Enriched Autologous Fat Grafting for Treating Pain at Amputation Sites (AMP-5)

Traumatic amputations are prevalent and pose many challenges for our wounded warriors. A recent publication reported that during the current conflicts, over 950 military personnel have sustained combat-related amputations, with 15% of them occurring more than 12 weeks after initial injury (1). Updated statistics place this number of amputees at over 1050 (personal communication, COL Paul Pasquina, Chief of the Integrated Department of Orthopaedics and Rehabilitation, Walter Reed National Military Medical Center-WRNMMC). The ability of a wounded warrior to gain optimal function after an amputation most often depends on his or her ability to successfully fit and adapt to a prosthesis.
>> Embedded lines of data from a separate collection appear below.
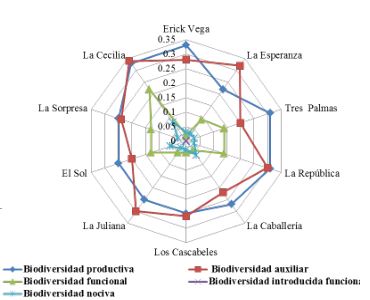 Todos los componentes de la biodiversidad mantuvieron un comportamiento similar (Figura 4). La biodiversidad productiva fue la variable que mayores valores alcanzó, en tanto la biodiversidad introducida funcional se mantuvo en 0 para todas las fincas estudiadas. De forma general los menores valores para cada componente se obtuvieron en la finca La Caballería, excepto para la biodiversidad funcional y la nociva, que se encontraron más bajos en Los Cascabeles, único predio productivo donde se obtuvo valores de 0 en dos de los componentes evaluados.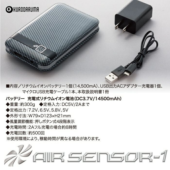 作業着 作業着 電動ファン 熱中症 クロダルマ エアーセンサー KS-12 バッテリーセット 充電器付 熱中症対策 ファン付きウェア 株式会社空調服製品とは互換性なし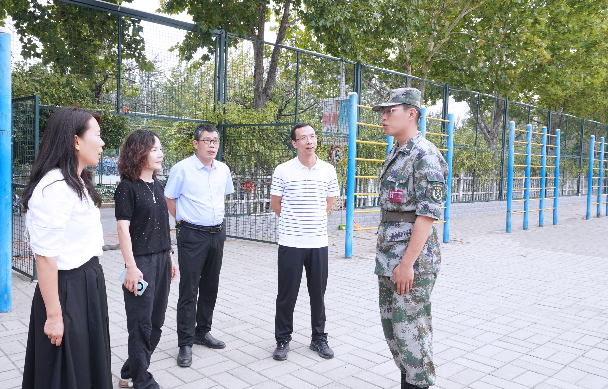 领导老师逐一走访了军训的各个方阵,与教官们亲切交谈,军训教官总负责人赵昱涵汇报了近期新生训练的整体情况。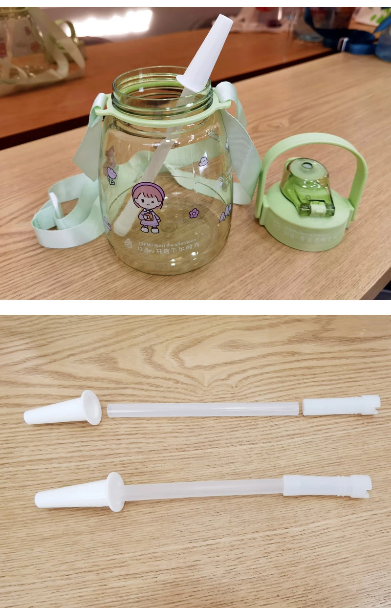 Категория продукта: спортивная бутылка Цвет: белый, розовый, зеленый Материал: Поликарбонат Стиль: милый, спортивный время выхода на рынок: Лето 2021 Емкость: 1100 мл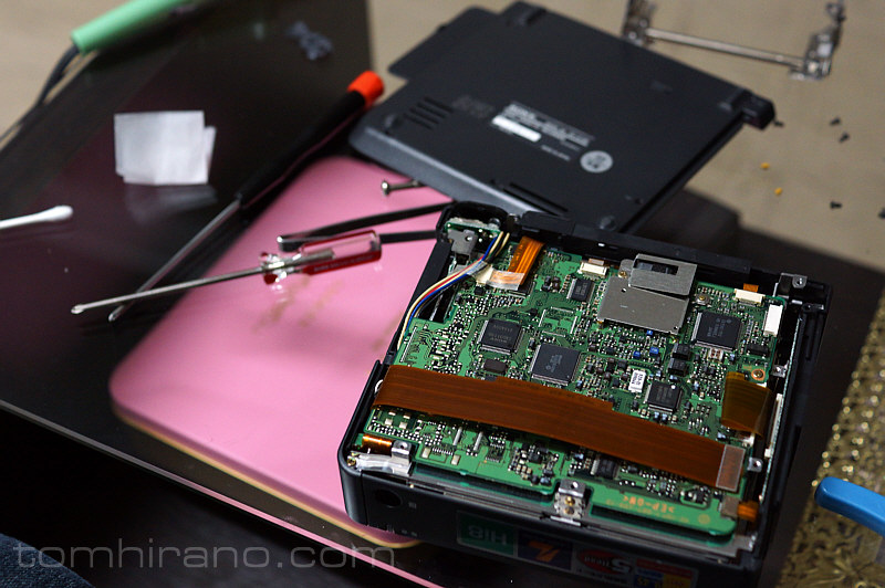 そんな事より、とりあえず分解。ドアが閉まらないという事は、カセコンの枠が歪んでる可能性大。カセコンが外せるところまでドンドンばらしていきます。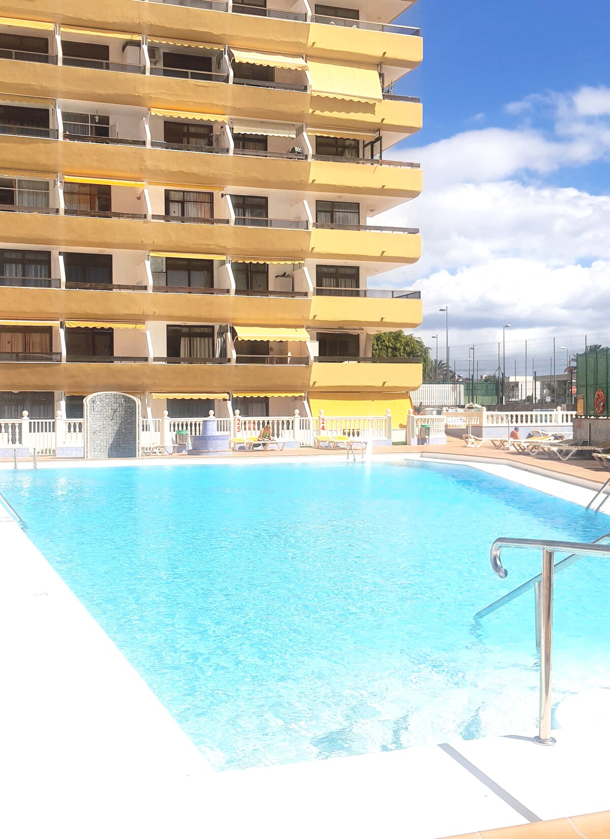 舒適的公寓,地理位置極佳,位於Playa del Inglés ,步行兩分鐘即可抵達海灘。 房子有大型客廳/餐廳(配有空調)、寬敞的臥室和露臺-花園,可欣賞海灘和馬斯帕洛馬斯沙丘的壯麗景色。 該建築羣有兩個社區泳池、俯瞰拉斯杜納斯的日光浴室、一個網球場和附近所有必要的設備與服務(超市、餐廳、商店)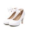 Women Ankle Strap Spike High Heels Bow Platform Round Toe Pumps Glossy Patent Leather Summer Autumn Sweet Lolita Shoes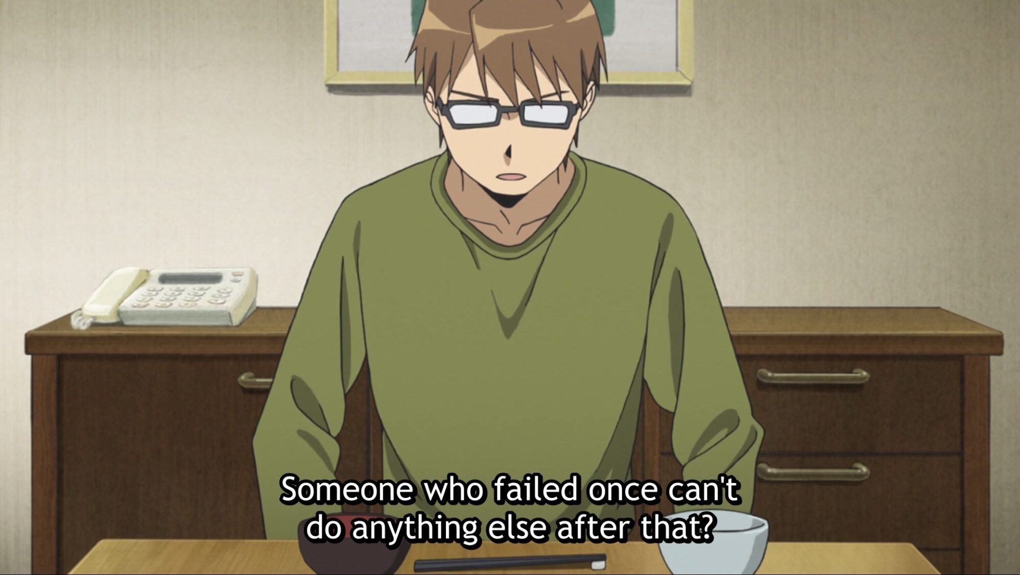 But in season two of the series, in the final episode, Hachiken says it again and this time, not to humorous effect. He has returned home for a quick visit, making the trip only to pick up study notes to help his friend and love interest, Mikage. Hoping to sneak in and out quickly, he’s forced instead to stay for a family dinner. For most of us, the occasion would be happy or at least tolerable, but for Hachiken, who loathes his father, it’s a test of patience, to exhibit the growth he’s experienced as a high school freshman in the face of his dad’s unrelenting coldness and uncompromising expectations. It’s challenging for Hachiken, who wilted while studying for high school entrance exams under his father’s repression, and doesn’t experience an ounce of love or compassion from him.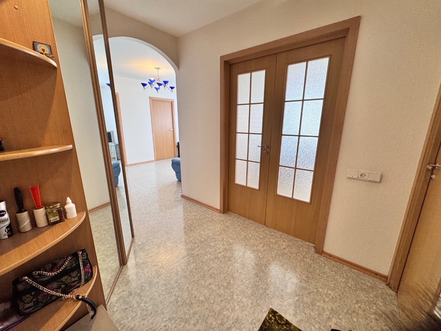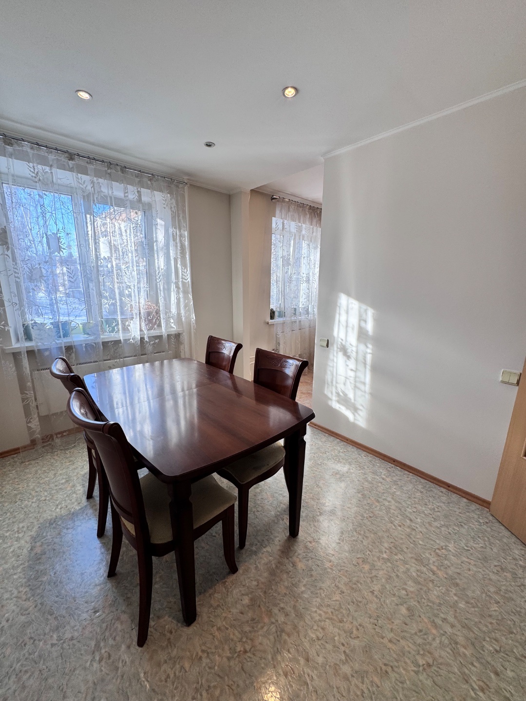 Квартира имеет продуманную перепланировку: Три жилые комнаты, увеличенная кухня-столовая и большой санузел создают максимум пространства.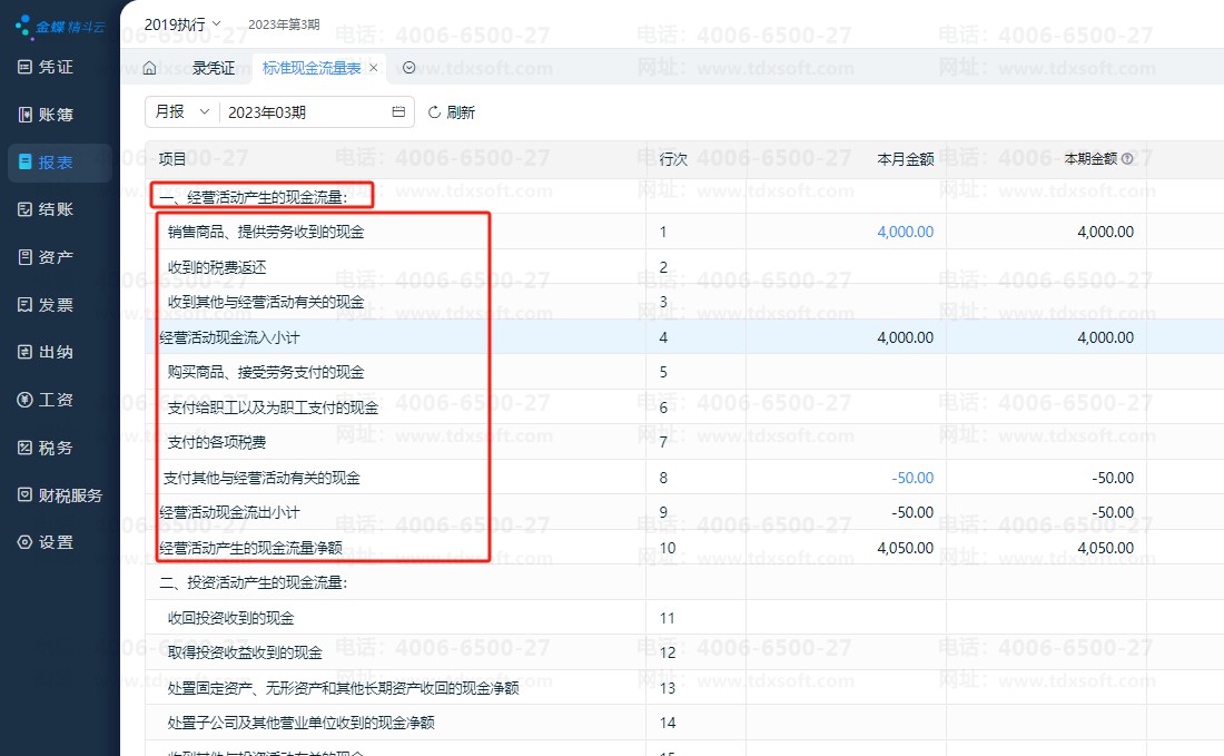 经营类的报表项指现金流量表上项目里的第一大项,如图: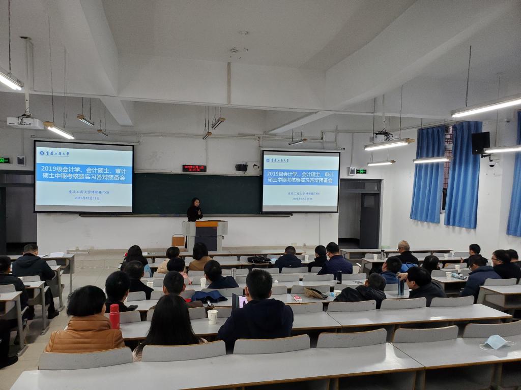 2021年12月11日上午,OK138太阳集团2019级研究生学位论文中期考核暨实习答辩在博智楼顺利举行。来自重庆大学、西南大学、西南政法大学、重庆理工大学等16名校外导师,来自重庆市审计局、商社集团、浪潮集团、天健会计师事务所重庆分所等14名事业导师以及重庆工商大学校内14名硕士导师组成了14个答辩小组。2019级139名研究生参加本次论文中期考核和实习答辩。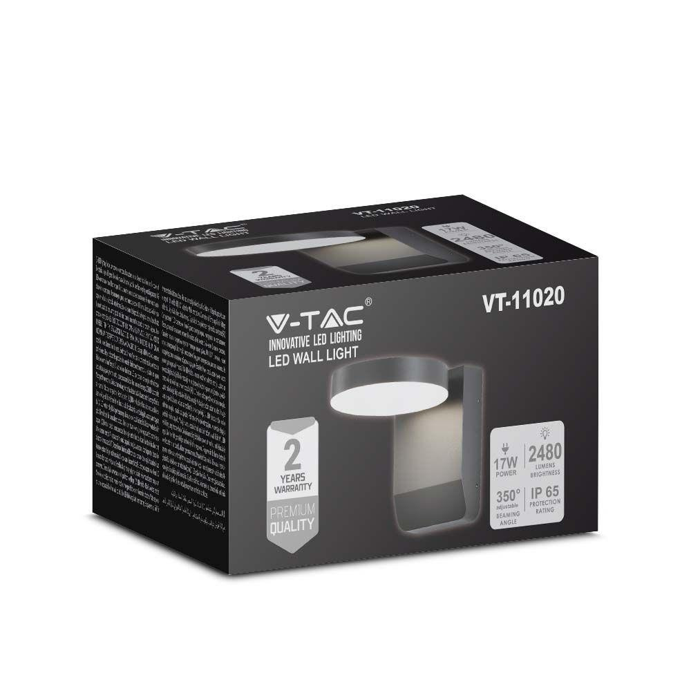 Projektor Oprawa Elewacyjna V-TAC 17W LED Okrągła Czarna IP65 VT-11020 3000K 2520lm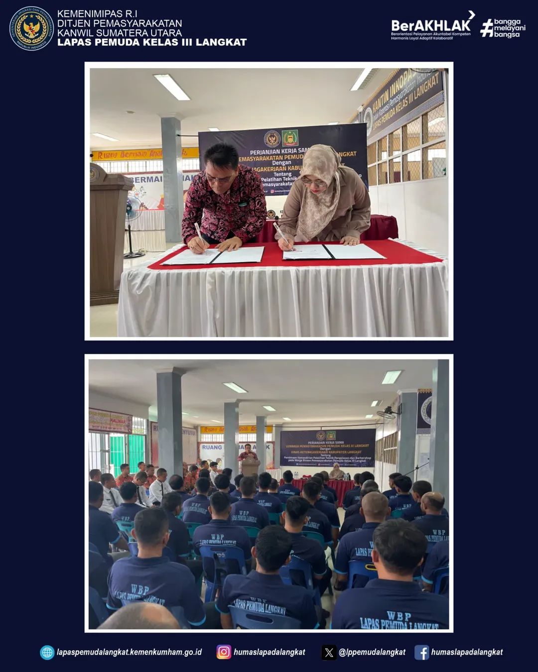 sebarinfo.com, | Lapas Pemuda Kelas III Langkat menjalin kerja sama strategis dengan Dinas Ketenagakerjaan Kabupaten Langkat. Kepala Lapas Pemuda Langkat, Kenal Purba, dan Kepala UPTD Balai Pelatihan Kerja, Dian Ivana Sari, menandatangani Perjanjian Kerja Sama (PKS) pada Jumat, 11 Juli 2025, sebagai langkah awal kerja sama.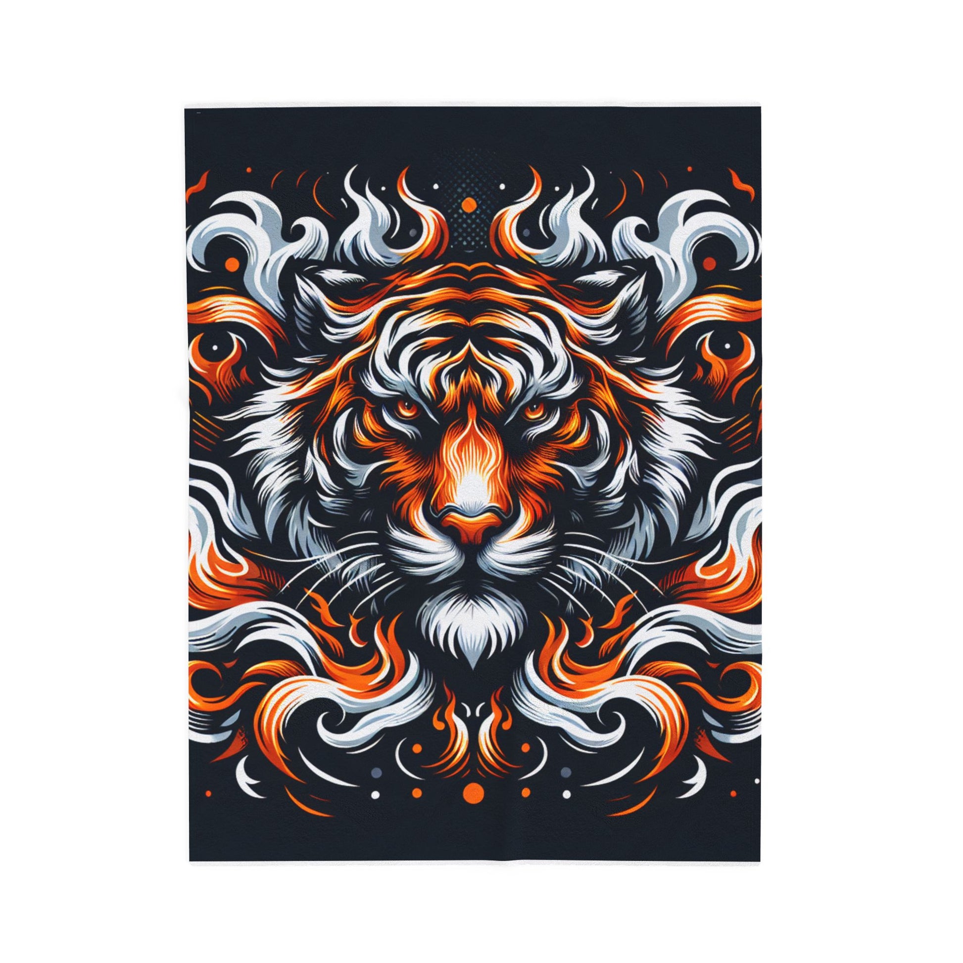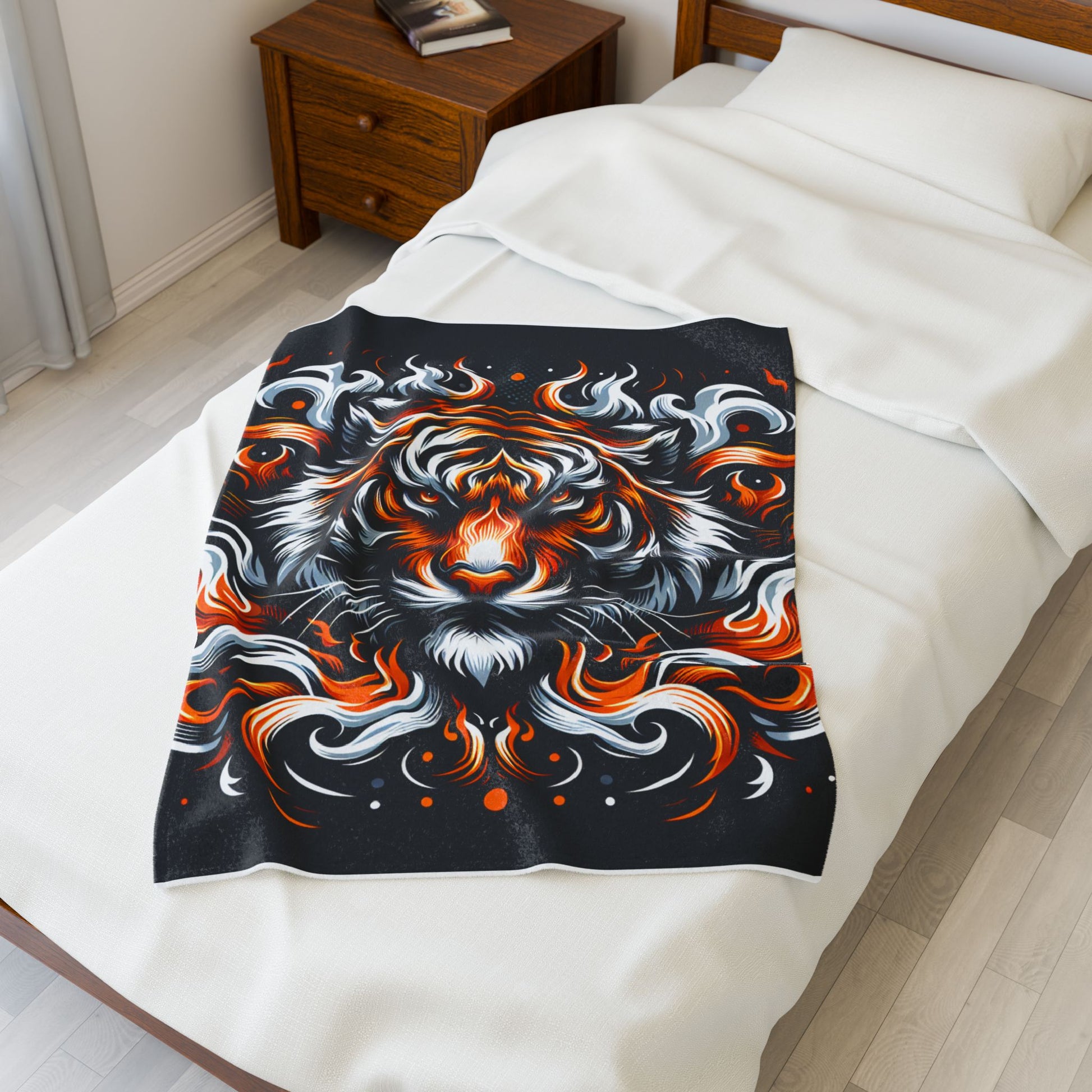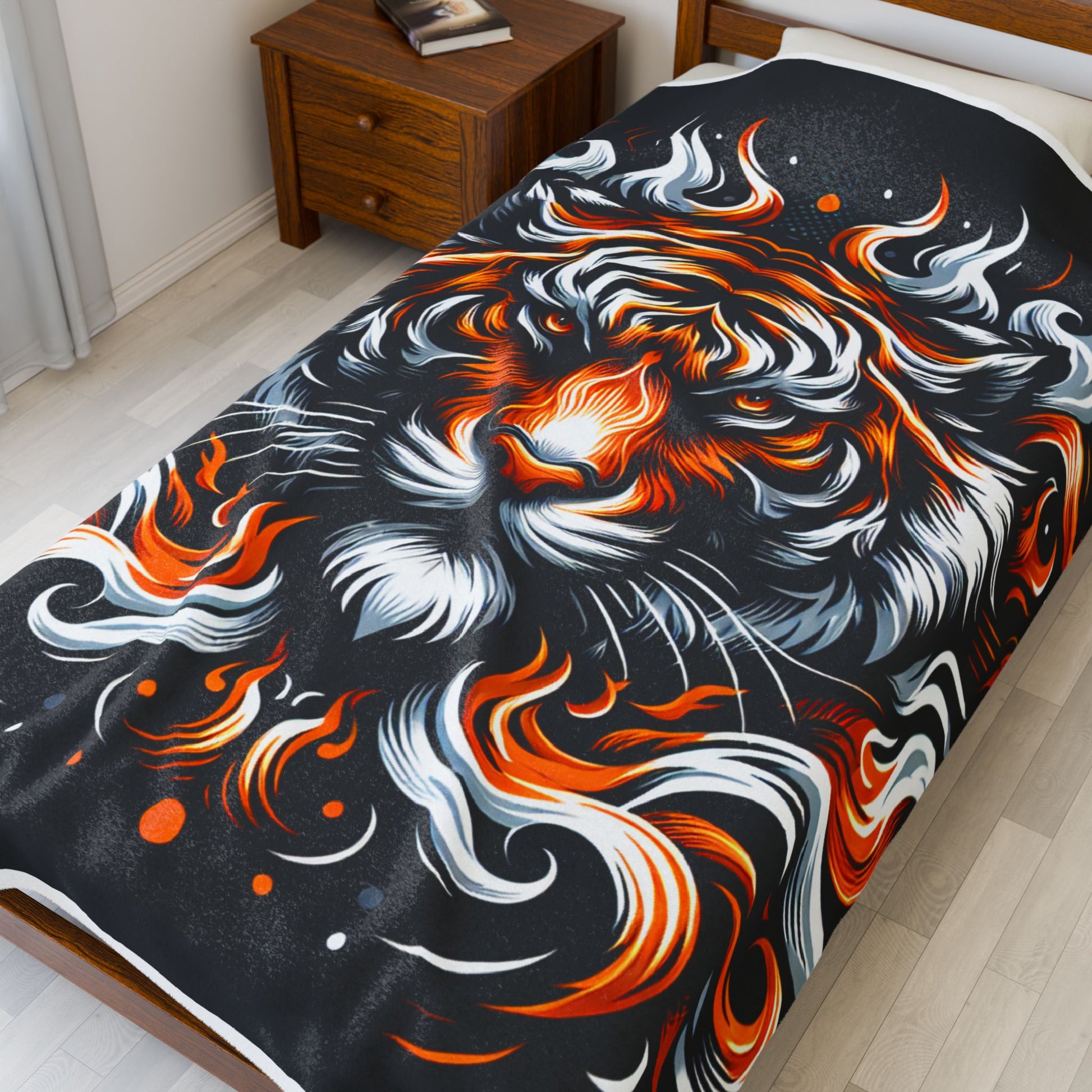 In this vibrant artwork, a tiger's fierce visage emerges from swirling, flame-like patterns. Bold strokes of orange and white highlight its majestic presence against a dark backdrop, creating a mesmerizing fusion of form and energy. Create a cozy and warm atmosphere at home with this plush velveteen blanket. It is soft to touch and perfect for any home. Customize with a one-sided print to add your personal touch or create a gift for your friends and family. Available in three sizes: 30x40", 50x60", 60x80".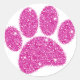 Rosa Glitzer Dog Pawprint Runder Aufkleber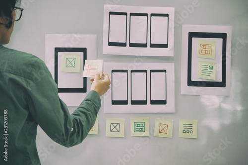 Wall mural : User experience ux designer designing web on mobile phone tablet layout - ui planning mobile applicat

Once out of the acute phase, many patients with amputations suffer from pain when wearing a prosthesis, either from thin soft tissue cover over bony structures or peripheral nerves not well padded with soft tissue. Extrinsic residual limb pain is usually mechanical in origin related to the prosthetic socket or other prosthetic components. It is often the result of a mismatch between residual limb tissue tolerance and the prosthetic loads on the soft tissues. This sensitivity is often accentuated by superficial nerve trunks or neuromas at severed nerves that are exposed to excessive external mechanical loading (2). Poor socket interface, secondary skin breakdown, and/or pain may severely limit function.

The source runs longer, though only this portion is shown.